### What to produce
In full and without alteration, print the records below, minus any images.

** Entries shown follows **

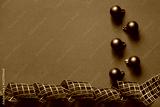 Red Christmas background. Top view photo of red christmas tree balls toys, holiday ribbon with empty space on the left. Christmas Eve concept.
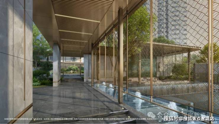 以灯带、镂空格栅顶以及御湖水纹,打造了风雨连廊,在保障无雨归家的同时,设计师通过与水借景,与光借景,与园林借景,带给业主归家的第三道礼序。
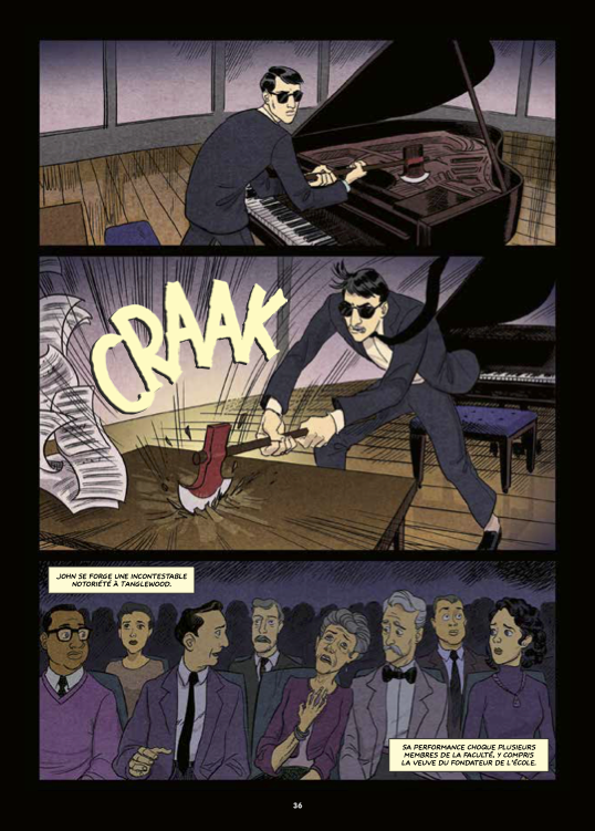 Sur le plan graphique, Koren Shadmi mise sur la lisibilité du dessin, avec des aplats de couleurs et un gaufrier classique. S’il accentue les traits, les personnages célèbres sont représentés de façon convaincante. Des décors aux vêtements en passant par l’utilisation des couleurs, le dessinateur nous replonge dans l’atmosphère des années 1960, avec tous ses excès. On comprend dès lors la possibilité, dans un tel univers, de voir émerger un groupe à la proposition aussi radicale.
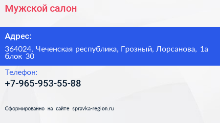 Мужской салон по адресу 364024, Чеченская республика, Грозный, Лорсанова, 1а блок 30 в дальнейшем Организация, размещена в следующих категориях:
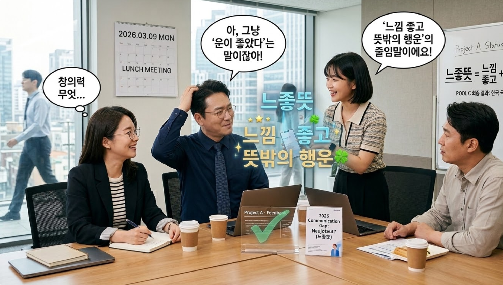 "과장님, 이번 프로젝트 '느좋뜻' 인데요?" 최근 점심시간, 신입사원 김대리가 던진 한 마디에 회의실은 순간 정적이 흘렀습니다. 박 과장님은 물론, 저를 포함한 몇몇 '과장님 라인' 직원들은 서로의 눈치를 보며 고개를 갸웃거렸죠. '느좋뜻'이라니, 도대체 무슨 의미일까요? 직장 생활 15년 차인 저도 처음 들어보는 말에 살짝 당황했지만, 이내 흥미가 생겼습니다. 2026년 오늘날, 직장 내 세대 간 소통의 벽은 신조어라는 예상치 못한 형태로 나타나곤 하죠.

** End of Entries shown **

### Result of this task
 Red Christmas background. Top view photo of red christmas tree balls toys, holiday ribbon with empty space on the left. Christmas Eve concept.
 以灯带、镂空格栅顶以及御湖水纹,打造了风雨连廊,在保障无雨归家的同时,设计师通过与水借景,与光借景,与园林借景,带给业主归家的第三道礼序。
 Sur le plan graphique, Koren Shadmi mise sur la lisibilité du dessin, avec des aplats de couleurs et un gaufrier classique. S’il accentue les traits, les personnages célèbres sont représentés de façon convaincante. Des décors aux vêtements en passant par l’utilisation des couleurs, le dessinateur nous replonge dans l’atmosphère des années 1960, avec tous ses excès. On comprend dès lors la possibilité, dans un tel univers, de voir émerger un groupe à la proposition aussi radicale.
 Мужской салон по адресу 364024, Чеченская республика, Грозный, Лорсанова, 1а блок 30 в дальнейшем Организация, размещена в следующих категориях:
 "과장님, 이번 프로젝트 '느좋뜻' 인데요?" 최근 점심시간, 신입사원 김대리가 던진 한 마디에 회의실은 순간 정적이 흘렀습니다. 박 과장님은 물론, 저를 포함한 몇몇 '과장님 라인' 직원들은 서로의 눈치를 보며 고개를 갸웃거렸죠. '느좋뜻'이라니, 도대체 무슨 의미일까요? 직장 생활 15년 차인 저도 처음 들어보는 말에 살짝 당황했지만, 이내 흥미가 생겼습니다. 2026년 오늘날, 직장 내 세대 간 소통의 벽은 신조어라는 예상치 못한 형태로 나타나곤 하죠.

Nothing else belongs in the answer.